— Только Ванька Балакирев с одного конца и юрок, а с другого больно недалёк: все норовит прямо пройти, без изгибин! А оттого мишуки и много лесу портят, что имеют привычку ломить все без расчёта, вместо того чтобы гнуть потихоньку… Гни послабее — и была бы дуга! Дай нам время — и поповна наша! А там и батьку приберём…
Прав ли он был — узнаете сами. Покуда Микрюков начал действовать на матушку-попадью. Подслужился к ней на первых же порах тем, что дёшево приторговал две шапочки корабликами, лисьи, бархатные. Шапки эти были в большом уважении в Петербурге среди обывательниц. А попадьи и поповны особенно считали такие шапки нарядом ценным и парадным, на выезд. Показав блистательно свои коммерческие способности, Фомушка удружил матушке-попадье ещё и тем, что дал в долг до рождественского славленья пять рублёв для осенней закупки припасов гуртом. Эти видные услуги сделали в глазах Федоры Сидоровны — так величали матушку — первым человеком Фому Исаевича Микрюкова. За него она, не задумавшись, готова была, если бы можно только, хоть всех трех дочек сбыть. Из-за великих добродетелей Фомушки родительница Даши перестала ценить ею же введённого в дом Ваню Балакирева. И, слушая его соперника, попадья уже верила, что самое будто бы достаточество этого белоручки крайне сомнительно.
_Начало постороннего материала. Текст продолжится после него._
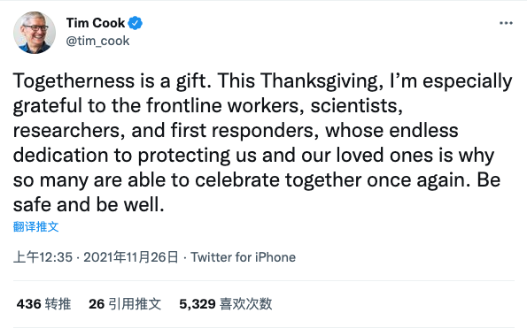 “团聚是一种礼物。这个感恩节,我尤其要感谢一线工作人员、科学家、研究人员和急救人员。他们为保护我们和我们的亲人做出了无穷无尽的奉献,这就是为什么这么多人能够再次一起庆祝的原因。祝大家平安健康。”库克在推文中称。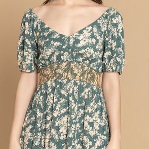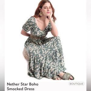 NWT Boho sage green flower print smocked dress w/ pockets! Bohera size L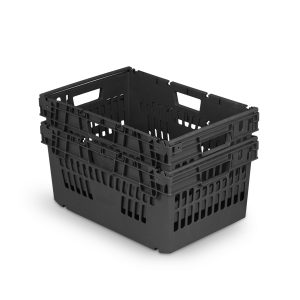 Ventilated, stacking & nesting container. PACK OF 5 UNITS Ext: 600x400x300mm Int: 548x352x279mm Weight: 2.0kg Colour: Black 74% height saving with nested Available as a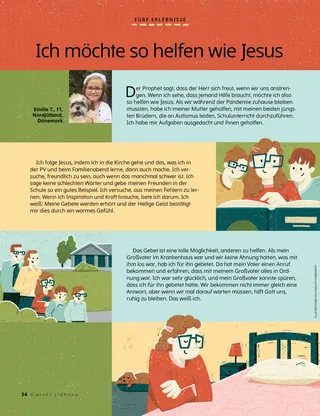 Ich folge Jesus, indem ich in die Kirche gehe und das, was ich in der PV und beim Familienabend lerne, dann auch mache. Ich versuche, freundlich zu sein, auch wenn das manchmal schwer ist. Ich sage keine schlechten Wörter und gebe meinen Freunden in der Schule so ein gutes Beispiel. Ich versuche, aus meinen Fehlern zu lernen. Wenn ich Inspiration und Kraft brauche, bete ich darum. Ich weiß: Meine Gebete werden erhört und der Heilige Geist bestätigt mir dies durch ein warmes Gefühl.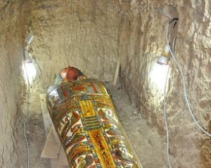 Іспанські археологи знайшли саркофаг неподалік храму в Луксорі. Храм збудували під час правління Тутмоса III. У дерев'яному кольоровому ящику була загорнута в льон мумія. Припускають, належала аристократові Аменренефу. Міністр старовинної спадщини Єгипту заявив, що орієнтовно знахідка датується 1075-666 роками до н. е.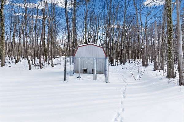 - 30' x 60' detached four-car garage with three automatic doors, attic access, 110/220 electric (welder and compressor ready), running water, and code-compliant lighting o 30' x 50' barn with electric, adjustable stalls (1-5), tack room, running water, and fenced pasture o 12' x 12' church-style glass greenhouse o 12' x 16' fenced dog pen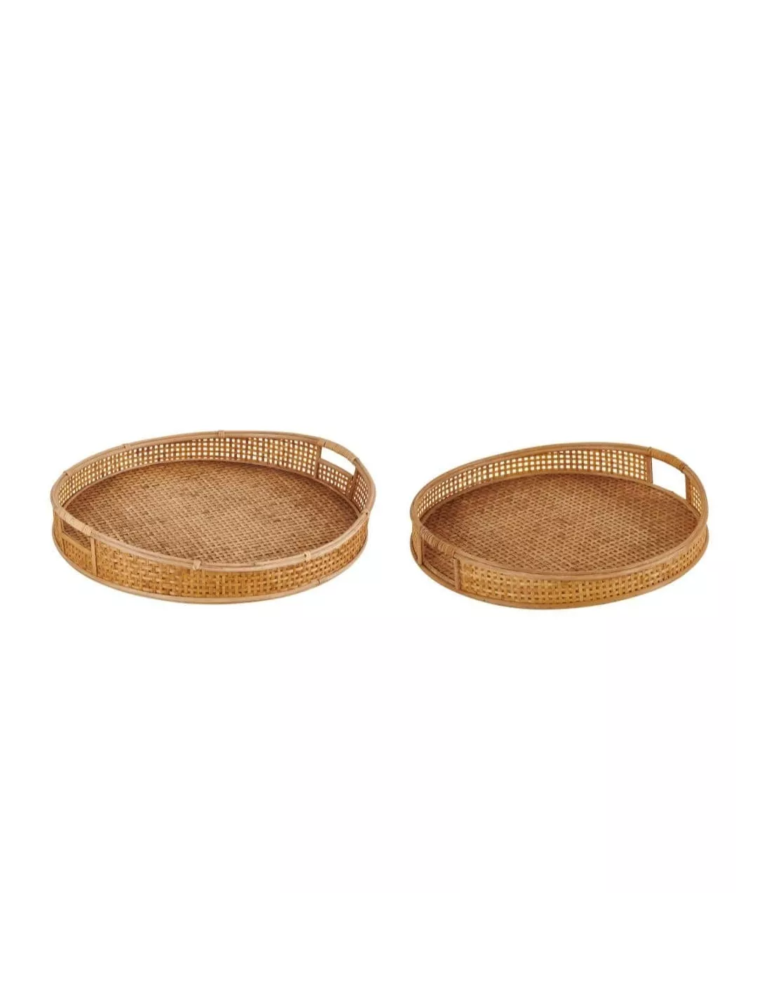 Set 2 plateaux en bambou & rotin Ø49 et 60 cm

Бабушка была, да, видно, сплыла, что совсем глаз не кажет. Не раздумала ли она уж и отказать ему, заметив малую почтительность к себе?
— Тебя, матушка, не разберёшь! — слушая такие и другие подобные же, невыгодные для своего любимца, предположения (казавшиеся ему не только маловероятными, но и совсем неблаговидными), с сердцем высказался поп Егор, не любивший дрязг. — Уж хуже, с позволения сказать, дерьма последнего выставляешь ты Ивана Алексеевича, а спросить, что он тебе сделал, что так ценишь? Не ответишь, разумеется.
— Мне-то он самой ничего покуда не сделал, а говорю о Даше, жалеючи… Что она будет за им, за солдатом простым? Век-от долог смолоду без расчёту девку спихнуть… за то, вишь, что он — простой? Да и есть ли что у его за собой? Можно верить и нет! Видного не много что-то.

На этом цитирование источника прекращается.